Excerpts from a dataset:
>>>

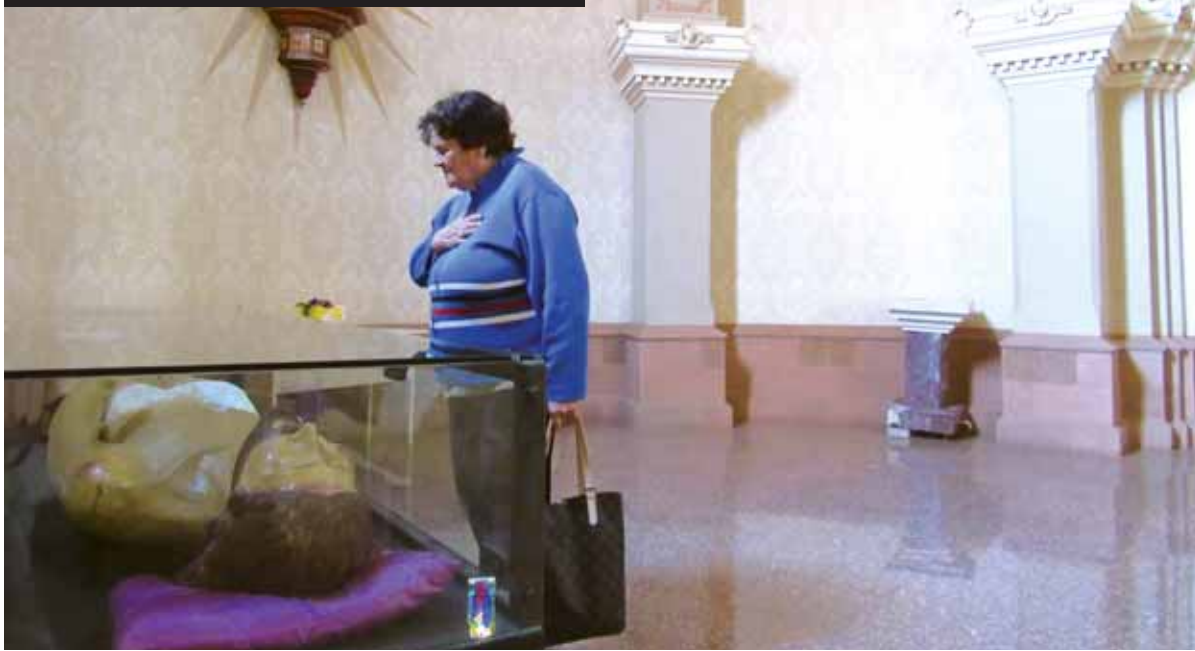
Escultura do Cristo Morto será carregada por fiéis católicos durante a procissão, um tradicional ato fé no município
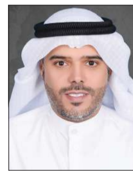
د. خالد العجمي

إعداد واعتماد هيكله التنظيمي مباشر من وزير الشؤون الاجتماعية وشؤون الأسرة والطفولة. وأضاف أن عملية التسكين تتم وفقاً لمنظومة إدارية دقيقة، تراعي العدالة وتكافؤ الفرص والارتقاء بالكوادر الوطنية، لافتاً إلى أن الهيكل الجديد يعد خطوة أساسية نحو تحقيق التحول المؤسسي الرقمي الكامل للوزارة، بما يضمن تقديم خدمات اجتماعية أكثر فاعلية وجودة للمستفيدين. واختتم العجمي تصريحه بالتأكيد أن وزارة الشؤون تسير بخطى متسارعة نحو تعزيز كفاءتها التشغيلية وتنويع مواردها المالية، بما يتماشى مع رؤية الكويت 2035، ويترجم توجهات الدولة نحو تمكين المؤسسات الحكومية من الاعتماد على أدوات تمويل وتنمية مستدامة.
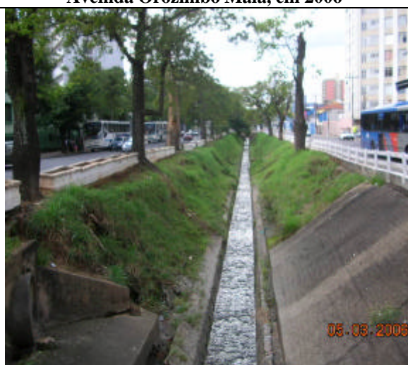
Vista térrea da Av. Orozimbo Maia, 2006
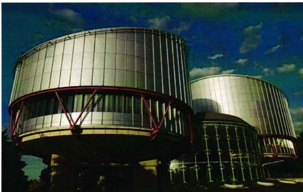
10 Slika 3. Europski sud za ljudska prava
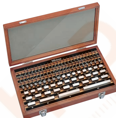
103 db-os acél hasábkészlet
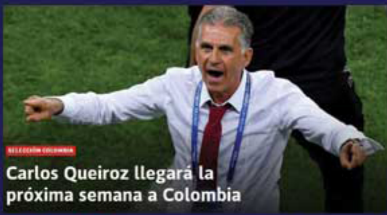
Carlos Queiroz llegará la próxima semana a Colombia
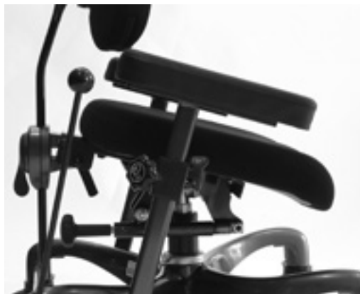
Manuell sittvinkling, standard

Flexbase chassi är standard, vilket gör att stolen alltid står stadigt på ojämna underlag och när man sätter sig och stiger ur stolen. De flexibla inställningarna och det stora tillbehörsprogrammet gör det enklare att skapa en välfungerande arbetsstol efter den enskildes behov. Stolen är modul uppbyggd och kan kombineras i en mängd olika konfigurationer
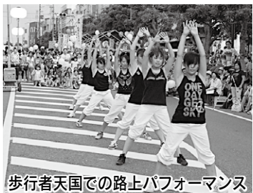
歩行者天国での路上パフォーマンス
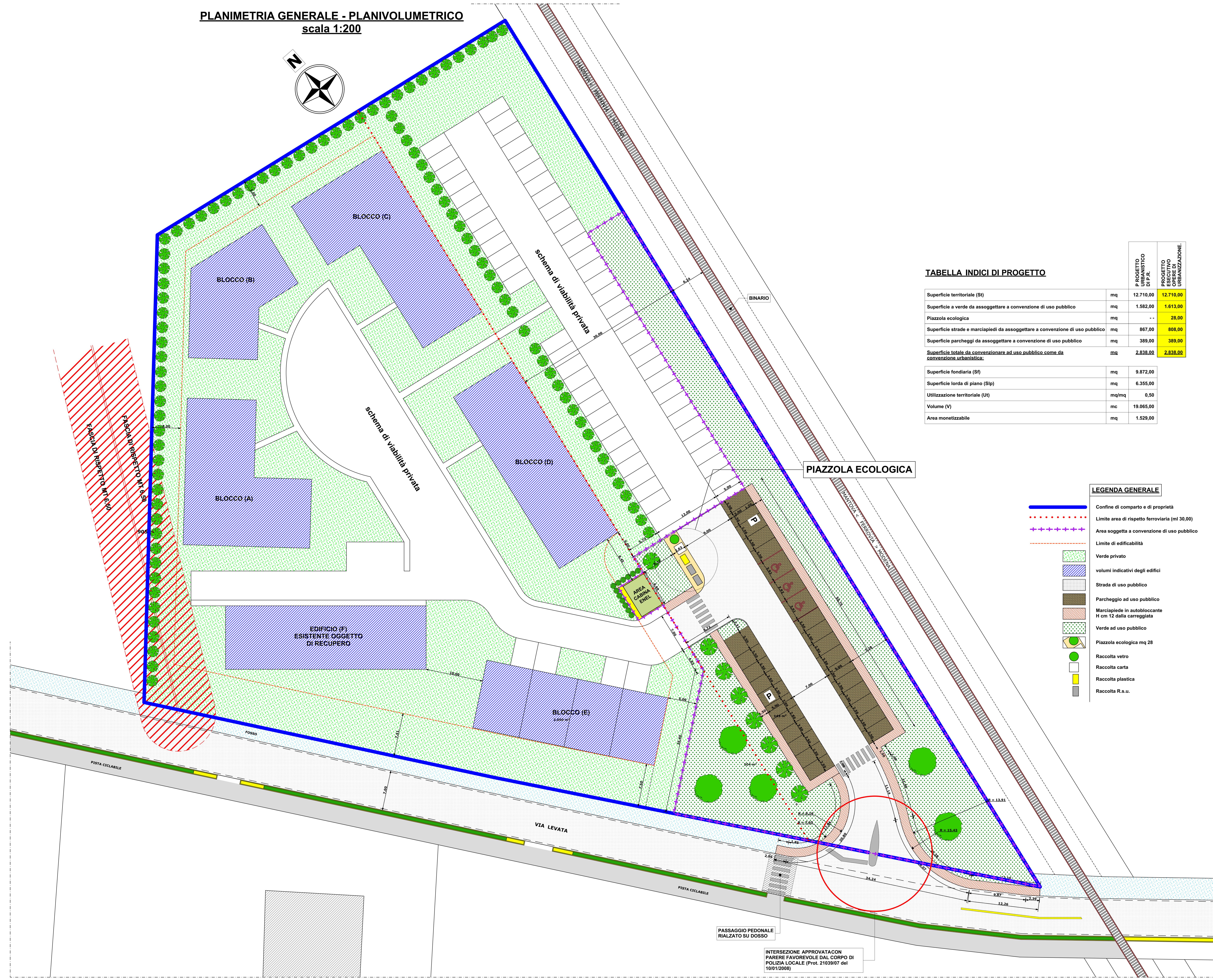
TABELLA INDICI DI PROGETTO
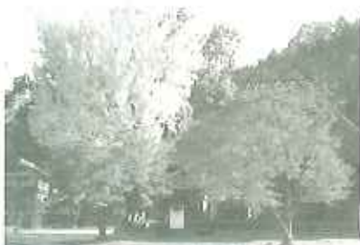
▲とてもいい天気でした きれいですね〜♡

行き先は松平東照宮と六所神社です。今年は色づきもよく利用者さんからの声も「とてもきれいだった」、「行ってきて良かった」という、うれしい声を聞くことができました。車中もちよっとした遠足気分笑顔と笑い声がいっぱいでした。
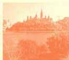
そびえ立つオタワ国会議事堂
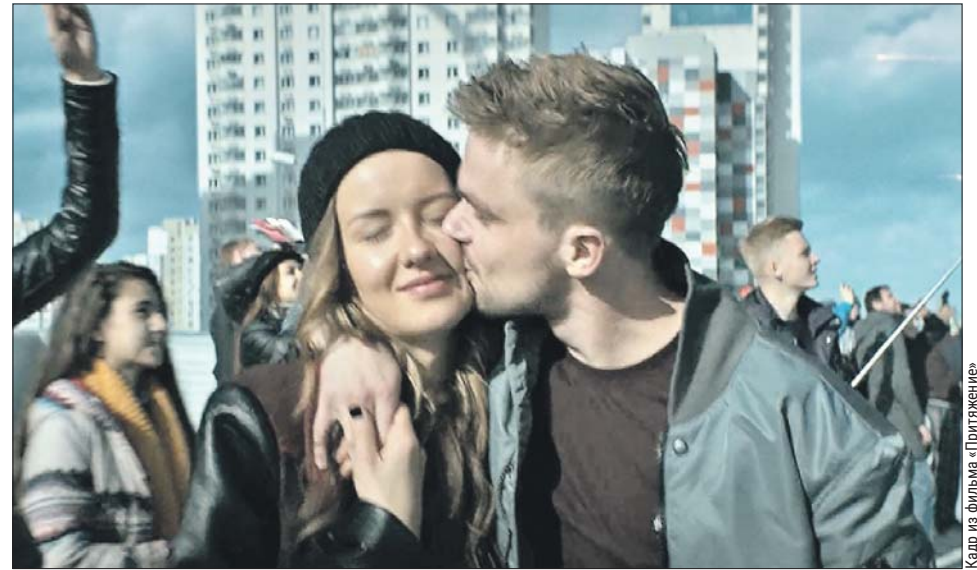
Ирина Старшенбаум и Александр Петров в фильме «Притяжение»
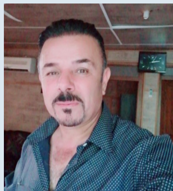
حه سه ن ساه
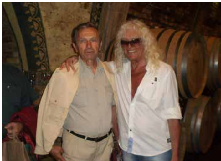
Kóbor János 70. születésnapján gyermekkori bátaszéki barátjával, focista csapatbeli társával, Nagy Ferenc nyugalmazott körjegyzővel

korát a Sóház utcai nagyszülői házban. Amióta Mecky a magyar és a nemzetközi zenei élet meghatározó alakja lett, mi bátaszékiek mindig büszkén dicsekedtünk azzal, hogy az Omega frontembere bátaszéki származású, de ő is szívesen beszélt a Bátaszéken töltött gyermekkoráról. Sokszor beszélt arról, hogy az építészeti iránti érdeklődését apai nagyapjának köszönhette, talán ezért is indult el a mérnöki pályán és szerzett diplomát, bár egy percet sem dolgozott mérnökként, mert elrabolta a zene. Mesélt arról is, hogy itt alakult ki benne a természet iránti szeretet, mert átélhette a falusi életet a maga egyszerűségével és emberi kapcsolataival. Szívesen anekdotázott a gyerekkori haverokkal megélt élményekről, a focimeccsekről, ahogy a „szöges cipők” kopogtak, amikor a csapat a kocsmá mellett a tölzöböl levonult a macskaköves úton a pályára, a sárvízi pecázásokról, a nagy csatangolásokról a határban. (...) Sajnos a középiskolás éveitől, a zenei karrier berobbanása után már ritkábbá váltak a bátaszéki látogatások, de nem szűnt meg szívében bátaszékieknek maradni. Ezt a kötődést városunk néhány éve, születésnapja alkalmából átadott Pro Urbe Bátaszék kitüntetéssel köszönte meg. (...) Az gondolom, hogy Kóbor János, Mecky nagyon sokáig fog élni a szívünkben, mert embersége, zenei munkássága, életműve olyan volt, amire még nagyon sokáig fogunk emlékezni mi is ugyanúgy, mint a zenét szerető világ.
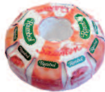
Rambol Crémeux Saumon 1,8 kg
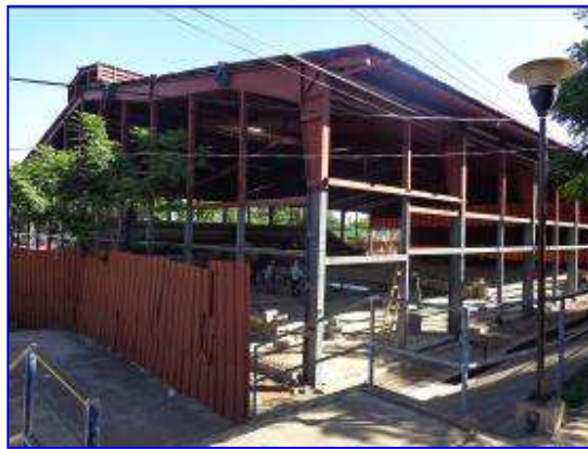
En ambas fotografías apreciar las instalaciones del Gimnasio de Combate situación sin proyecto. A la izquierda observar panorámica del Gimnasio y a la derecha vista interna.

En el mes de diciembre 2016 se inició la ejecución de las actividades de construcción de cerca perimetral de protección, demoliciones de paredes de baños y desinstalaciones de louvers, aparatos sanitarios y cerramiento de las paredes costado norte, oeste y sur.
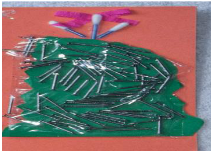
Figura 2 - A montanha

A figura 2 representa uma montanha e indica a dificuldade inerente à atuação do educador.
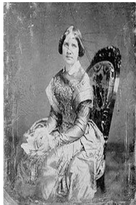
Jenny Lind
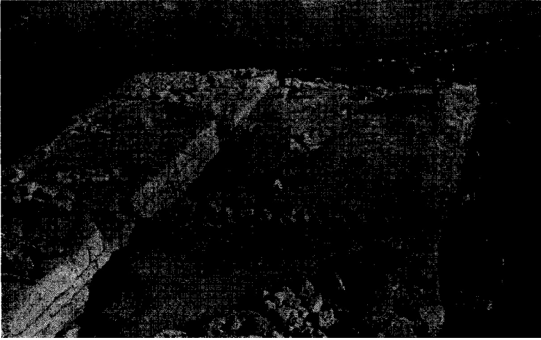
Res. 4 - "Madır burç" genel görünüş (güneyden)
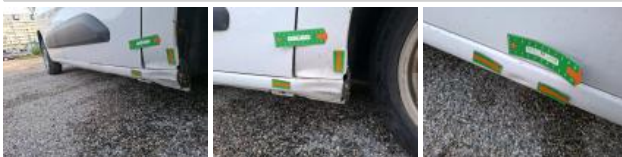
Aile AVD, Bosse(s) et griffe(s), LI - Réparer et peindre (complet)
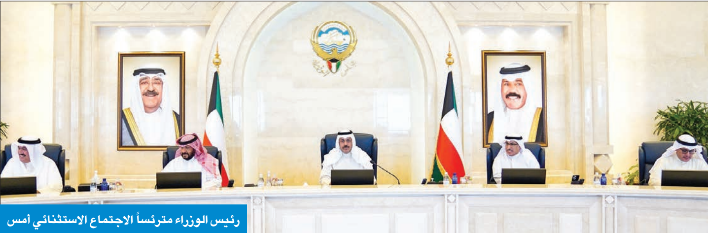
رئيس الوزراء مترأساً الاجتماع الاستثنائي أمس

المعنية، وفي مقدمتهم نائب رئيس مجلس الوزراء وزير الدفاع وزير الداخلية بالوكالة اللازم لتمكين المواطنين من أداء واجبهم الوطني وحسن تعاملهم الذي كان له دور كبير في تسهيل العملية الانتخابية. وفي مقدمتهم نائب رئيس مجلس الوزراء وزير الدفاع وزير الداخلية بالوكالة اللازم لتمكين المواطنين من أداء واجبهم الوطني وحسن تعاملهم الذي كان له دور كبير في تسهيل العملية الانتخابية. كما أبدى المجلس ارتياحه للروح الأخوية الطيبة والتعاون البناء بين السلطتين التشريعية والتنفيذية لبناء التنمية الشاملة وتعزيز الوحدة الوطنية بما يعود بالخير على المواطنين وتحقيق المصلحة العليا للوطن.
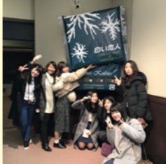
白い恋人工場見学
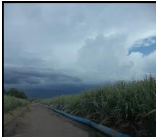
Riego de caña con agua de humedal
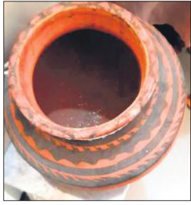
सीएचसी बरखेड़ा में रखा खाली मटका।
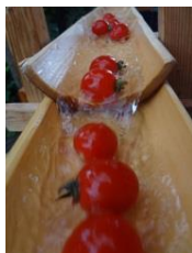
まっかな ミニトマトが コロコロと。
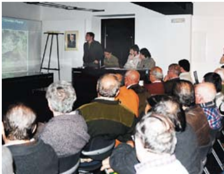
© La trobada va comptar amb l'assistència de nombrosos hortolans. || J.G.

Per tant, aprofitant la suspensió durant mig any de les auto-
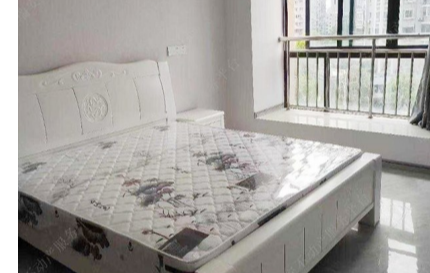
本套房源位于城市家园6楼，建筑面积100平方米，二室二厅一厨一卫，朝南，采光优良，家电齐全，年租金2.8万元。
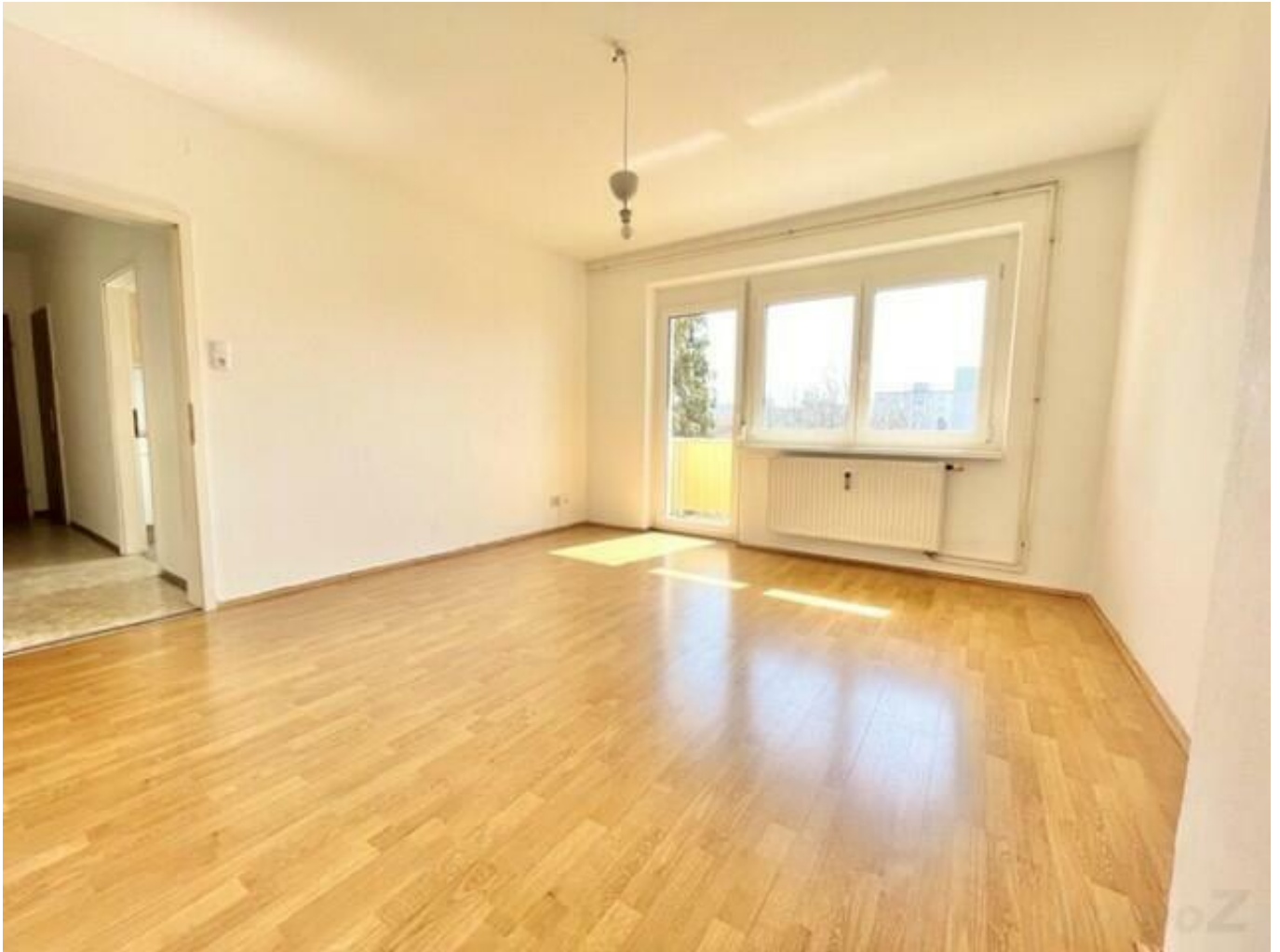
Wohn-Schlafzimmer mit Ausgang zum Balkon

vermietet bis 7/2028, gepflegte Großgarconniere mit Wohnküche und Süd - Balkon- 3.Stock ohne Lift.

<<<

*DIRECTIONS FOR THIS TASK*: Repeat, with no pictures, each line from the beginning of the data through the line containing "د. خالد العجمي", inclusive.

*EXERCISE SOLUTION*:
Escultura do Cristo Morto será carregada por fiéis católicos durante a procissão, um tradicional ato fé no município
د. خالد العجمي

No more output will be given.